Activity: Reproduce, word for word, the lines in the material below starting with the one that has "在教育学专业认识大会上,教育" and going on through the one that has "店内は大スクリーンのある1階". Leave out all pictures.

Source data:
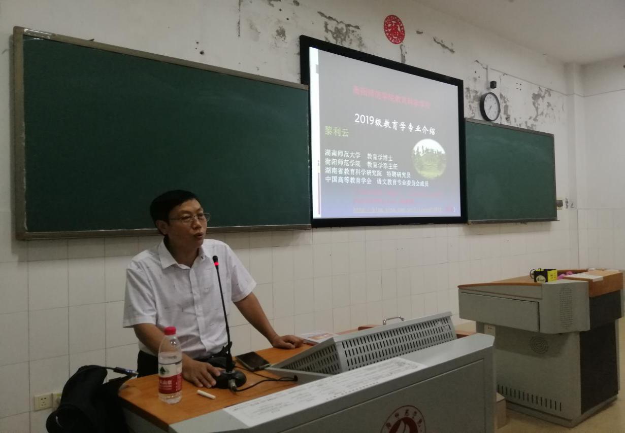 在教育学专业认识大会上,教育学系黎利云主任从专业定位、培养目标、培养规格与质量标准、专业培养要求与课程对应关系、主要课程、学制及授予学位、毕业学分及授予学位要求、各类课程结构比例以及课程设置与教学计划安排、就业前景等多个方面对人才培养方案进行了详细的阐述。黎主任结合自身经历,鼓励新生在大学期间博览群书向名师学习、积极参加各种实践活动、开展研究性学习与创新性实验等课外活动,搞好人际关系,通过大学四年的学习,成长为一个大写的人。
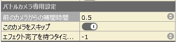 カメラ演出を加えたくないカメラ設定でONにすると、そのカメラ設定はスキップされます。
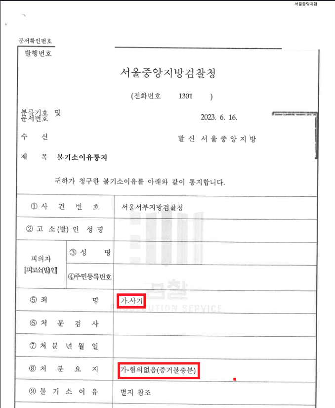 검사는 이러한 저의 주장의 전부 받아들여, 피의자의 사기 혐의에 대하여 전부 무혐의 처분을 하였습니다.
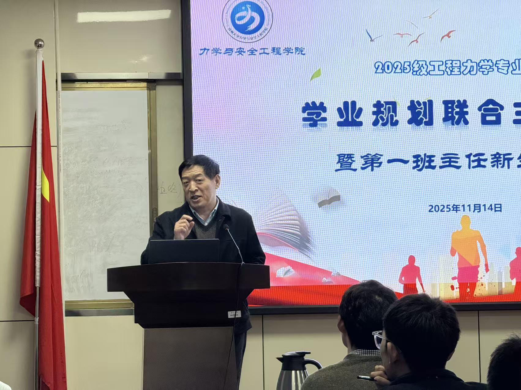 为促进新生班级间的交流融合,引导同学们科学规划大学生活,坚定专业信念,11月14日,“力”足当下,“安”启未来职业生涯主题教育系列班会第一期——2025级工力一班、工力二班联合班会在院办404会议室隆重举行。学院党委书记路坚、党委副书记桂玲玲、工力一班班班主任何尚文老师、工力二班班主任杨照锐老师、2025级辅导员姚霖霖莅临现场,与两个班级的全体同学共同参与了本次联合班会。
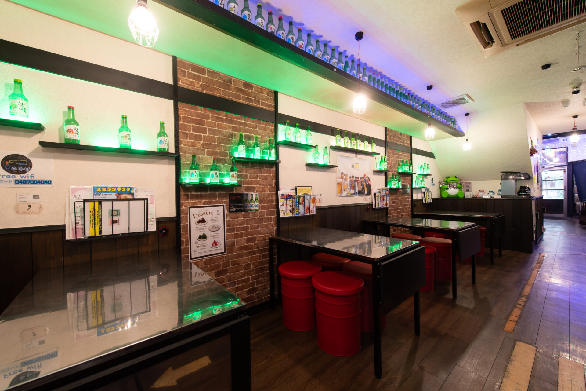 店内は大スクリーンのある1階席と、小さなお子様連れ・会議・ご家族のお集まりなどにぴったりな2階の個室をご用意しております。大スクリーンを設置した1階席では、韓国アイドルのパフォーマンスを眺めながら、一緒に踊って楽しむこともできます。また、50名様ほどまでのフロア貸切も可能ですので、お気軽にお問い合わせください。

--

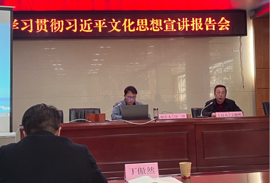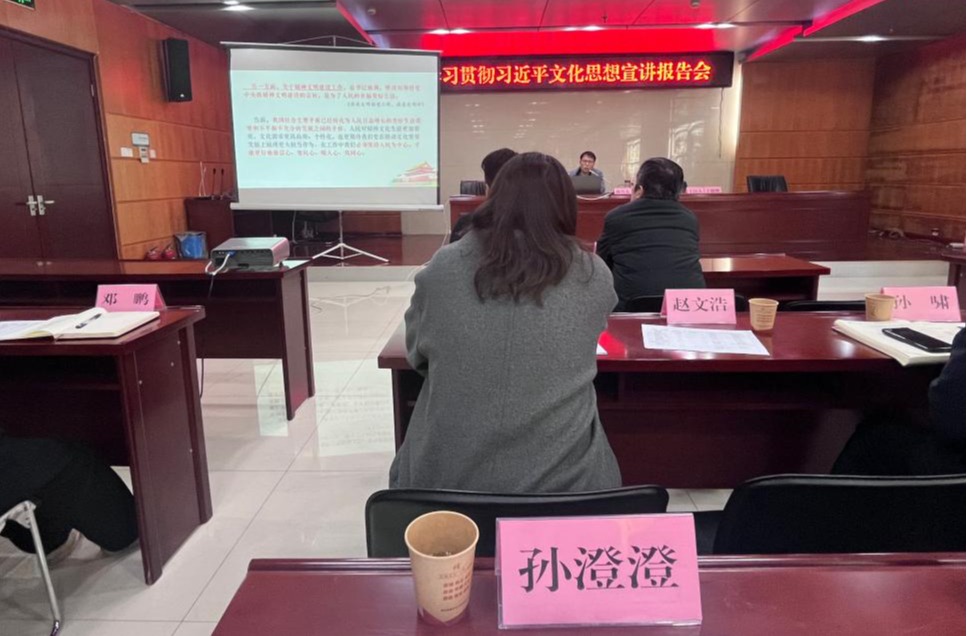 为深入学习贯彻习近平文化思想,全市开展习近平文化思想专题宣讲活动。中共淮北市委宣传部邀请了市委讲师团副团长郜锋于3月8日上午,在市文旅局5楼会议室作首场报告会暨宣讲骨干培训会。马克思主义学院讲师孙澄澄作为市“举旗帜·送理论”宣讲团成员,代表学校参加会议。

Solution for this problem:
 在教育学专业认识大会上,教育学系黎利云主任从专业定位、培养目标、培养规格与质量标准、专业培养要求与课程对应关系、主要课程、学制及授予学位、毕业学分及授予学位要求、各类课程结构比例以及课程设置与教学计划安排、就业前景等多个方面对人才培养方案进行了详细的阐述。黎主任结合自身经历,鼓励新生在大学期间博览群书向名师学习、积极参加各种实践活动、开展研究性学习与创新性实验等课外活动,搞好人际关系,通过大学四年的学习,成长为一个大写的人。
 カメラ演出を加えたくないカメラ設定でONにすると、そのカメラ設定はスキップされます。
 검사는 이러한 저의 주장의 전부 받아들여, 피의자의 사기 혐의에 대하여 전부 무혐의 처분을 하였습니다.
 为促进新生班级间的交流融合,引导同学们科学规划大学生活,坚定专业信念,11月14日,“力”足当下,“安”启未来职业生涯主题教育系列班会第一期——2025级工力一班、工力二班联合班会在院办404会议室隆重举行。学院党委书记路坚、党委副书记桂玲玲、工力一班班班主任何尚文老师、工力二班班主任杨照锐老师、2025级辅导员姚霖霖莅临现场,与两个班级的全体同学共同参与了本次联合班会。
 店内は大スクリーンのある1階席と、小さなお子様連れ・会議・ご家族のお集まりなどにぴったりな2階の個室をご用意しております。大スクリーンを設置した1階席では、韓国アイドルのパフォーマンスを眺めながら、一緒に踊って楽しむこともできます。また、50名様ほどまでのフロア貸切も可能ですので、お気軽にお問い合わせください。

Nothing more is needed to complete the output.